Tuesday 12 April 2022

How Johnson Can Be Forced to Quit

Boris Johnson's risky gambit of kicking PartyGate into the long grass has run out of time. Announced Tuesday afternoon, the Prime Minister, Carrie Johnson, and Rishi Sunak are among the 30 today issued with fixed penalty notices for attending Downing Street parties when Covid restrictions were in force. The law makers were the law breakers, to use a trite formulation. But what happens next?

What should happen next is the resignation of Johnson and Sunak in short order. The proprieties of establishment politics demand no less, but as we've seen many times this is anything not a usual government that plays by the usual rules. Playing Mr Contrition to the cameras earlier, Johnson got his story out, peddling the same old line of his attending a 10 minute gathering in between meetings. A line that doesn't stand up to scrutiny because we know he was at multiple social functions in Downing Street, in its garden, and at a private party in the flat upstairs. Points that will be reconfirmed by Sue Gray's report if it ever sees the light of day. Nevertheless, his response given "in the spirit of openness and humility" points to one thing: his decision to soldier on. Can he?

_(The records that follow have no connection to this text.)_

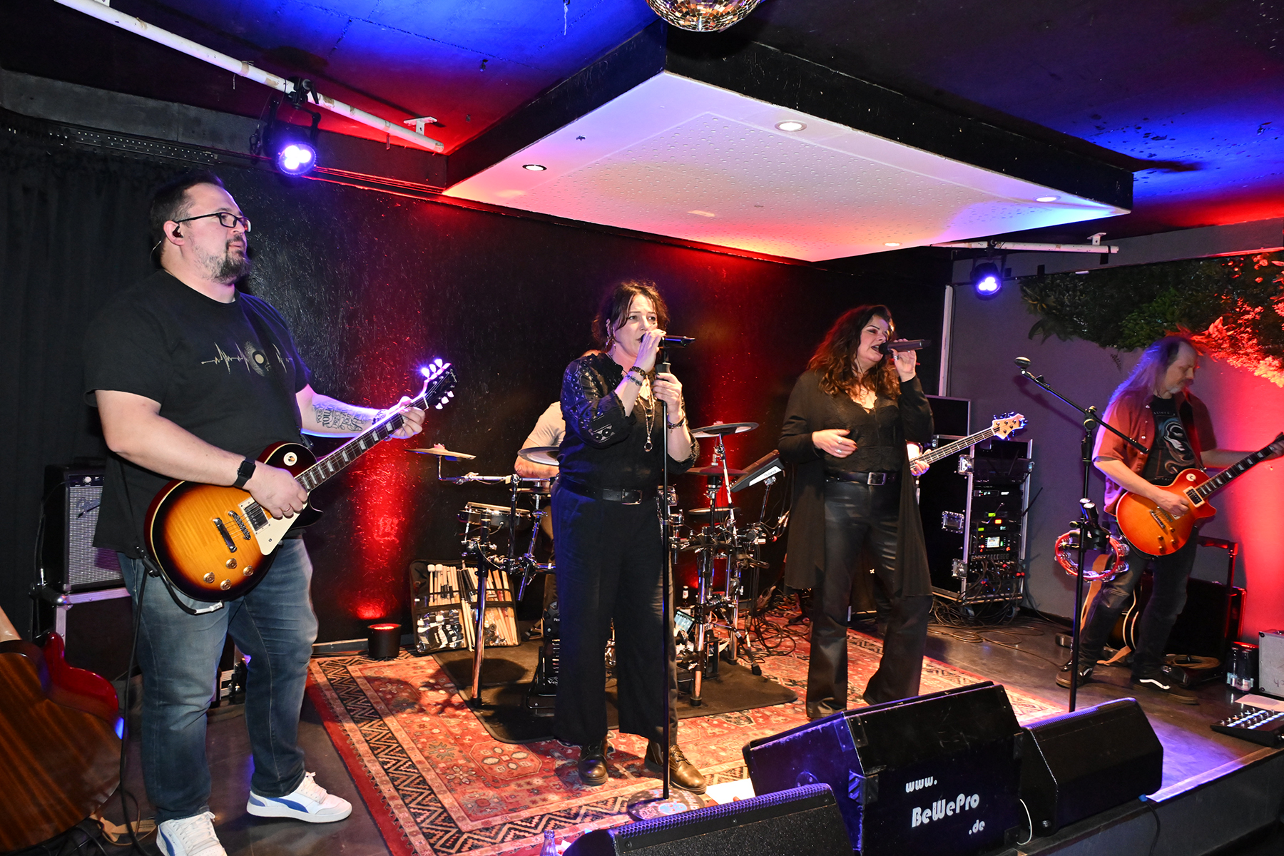 Anja und Kim als Sängerinnen sowie Alex, Joachim, Jaro und Kai rockten von der ersten Minute an die Bühne und versetzten die Zuhörer mit ihrem Sound in die 1990er Jahre.
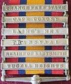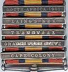 - ↑ G.R. Duxbury (June 1972). "Queen's South Africa Medal with 10 Bars". Military History Journal. The South African Military History Society. 2 (3). (Retrieved 2015-03-13)
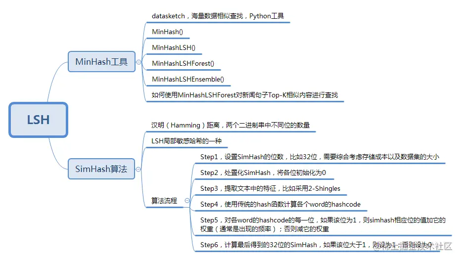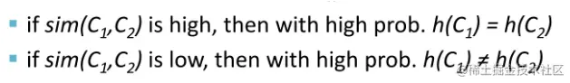 原来文档的Jaccard相似度低,那么它们的hash值不相同的概率高。针对Jaccard相似度的为MinHashing(最小哈希)
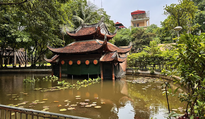연못에는 중국식 건물을 볼 수 있었습니다. 아마도 과거에 중국의 영향을 받아
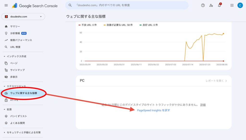 Googleサーチコンソールのエクスペリエンス内「ウェブに関する指標」から、今度はモバイルの下に表示されているPCの「Page Speed Insights」をクリック。

Yes. Johnson's record in office has shown that if he can put a crisis off from reaching a decision at the point of greatest friction, he can barrel through it. Heading off the Gray report by calling in the Met was a high risk move, but it bought him time. He knew getting the Met involved would end in fines and being seen to break the law, but this would be some way off from the moment the heat was on him. Something might come up in the mean time and focus attention elsewhere. Johnson therefore must be thanking his lucky stars that Putin decided to invade Ukraine and plunge Europe into its greatest crisis since the Berlin airlift. The Tories now have a plausible excuse for keeping him: he's risen to the occasion in weapons promised, rhetoric, and pulled off a PR triumph by traipsing around Kyiv with Volodymyr Zelenskyy. The wisdom of the social media crowd has pointed out how this country has form for replacing Prime Ministers in war time, including during the Second World War, but this doesn't matter for the Tories. We're in crisis mode and he's the man for the moment. Just forget the small matter that the UK isn't actually at war.

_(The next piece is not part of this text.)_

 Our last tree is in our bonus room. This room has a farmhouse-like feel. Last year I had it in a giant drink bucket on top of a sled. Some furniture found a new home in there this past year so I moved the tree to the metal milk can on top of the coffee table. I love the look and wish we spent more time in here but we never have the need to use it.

Johnson can also take heart from the fact the Tories are a bunch of cowards and didn't strike while the iron was hot. Right now, both government and opposition are determined not to appear swayed by public opinion as a means of redrawing the parameters of political possibility to their respective advantages. This is instinctively buried in the political unconscious of Tory MPs particularly. They knew giving Johnson the heave ho while the public's blood was up would store trouble for the future. And now it isn't and with the polls stabilising, the knives will stay in their sheaths. Then there is the question of timing. Easter recess means no opportunities for publicised pile ons by MPs, and the chance of a surprise attack from the back benches, of conspiracies hatched over subsidised lunches on the terrace coming to fruition will have receded by the time the Commons reconvenes.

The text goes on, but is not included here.